Чем долее Левин косил, тем чаще и чаще он чувствовал минуты забытья, при котором уже не руки махали косой, а сама коса двигала за собой все сознающее себя, полное жизни тело, и, как по волшебству, без мысли о ней, работа правильная и отчетливая делалась сама собой. Это были самые блаженные минуты».

Такое невозможно написать, не изведав самому и этого маханья косой из последних сил, и пришедших ему на смену блаженных минут «правильной работы».

«Шестой день кошу траву с мужиками по целым дням и не могу вам описать – не удовольствие, но счастье, которое я при этом испытываю», – докладывает Толстой приятелю.

Коса, как важнейший рабочий инструмент, если угодно, как важнейший инструмент жизни, стоит в яснополянском кабинете «под сводами» рядом с письменным столом.

За тысячу верст от искусственного

«Какая это славная вещь – крестьянская работа! – убежденно говорит Лев Николаевич. – Ни один мускул не остается без упражнения! Иное дело – пахать, иное – косить, молотить, подавать.
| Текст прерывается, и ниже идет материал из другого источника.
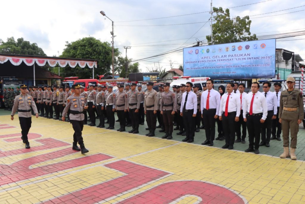 BARABAI – Polres Hulu Sungai Tengah (HST) menggelar Apel Gelar Pasukan Operasi Kepolisian Terpusat Lilin Intan 2025 dalam rangka pengamanan Perayaan Natal 2025, malam pergantian Tahun Baru 2025–2026, serta pengamanan kegiatan rutin keagamaan 5 Rajab, bertempat di halaman Mako Polres HST, Jumat (19/12/2025) sore.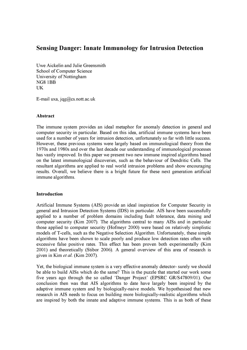 Sensing Danger: Innate Immunology for Intrusion Detection

Везде упражняются разные мускулы».

Но физический труд для него – не просто телесный отдых, не развлечение после долгого неподвижного сидения за письменным столом, не забота о здоровье. Физический труд – душевная и духовная потребность, без удовлетворения которой он не в силах жить и без которой мы не в силах представить себе жизнь Льва Толстого.

«Работаю, рублю, копаю, кошу и о противной лит-т-тера-туре и лит-т-тераторах, слава Богу, не думаю», – пишет Фету. Пишет – «возвращаясь потный с работы, с топором и заступом, следовательно, за тысячу верст от всего искусственного, и в особенности от нашего дела».

Потребность физического труда, убежденность в его необходимости делает такой труд непременным дополнением, а иногда и равноценной заменой труда творческого.

Как-то знакомый мужик, принимаясь вместе с ним за уборку копен, роняет по-своему, по-крестьянски, несколько свысока: «Для развлечения времени – можно». И, видимо, не доверяя способностям графа, предупреждает: «Это будет очень затруднительно». Копна достается в самом деле «затруднительная» – «тяжела возка и уборка», признается Толстой. «Я не переставая работал и очень устал. Не мог спать – руки ныли, но очень хорошо и телесно, и душевно». Не для развлечения!

Илья Львович замечает: со временем в отношении отца к физическому труду появляется «религиозная обязанность».

Вместе с дочерью Марией Львовной, Машей, верной его последовательницей, он строит избу для яснополянской вдовы Анисьи Копыловой, той самой, чье поле пахал шесть часов без отдыха. Сам копает землю, привозит солому, воду, сам месит глину, кладет стены. Для устройства потолка, притолоки, дверей и окон, правда, зовет плотника. Но печную работу опять же выполняет сам; особенно много времени и сил отнимает выделка сводов. Вдвоем с Машей изготовляют и соломенные щиты для крыши.

И здорово и весело

С 1881 года Толстой проводит зиму в Москве: сыновьям пора посещать гимназию, университет, старшую дочь нужно «вывозить в свет».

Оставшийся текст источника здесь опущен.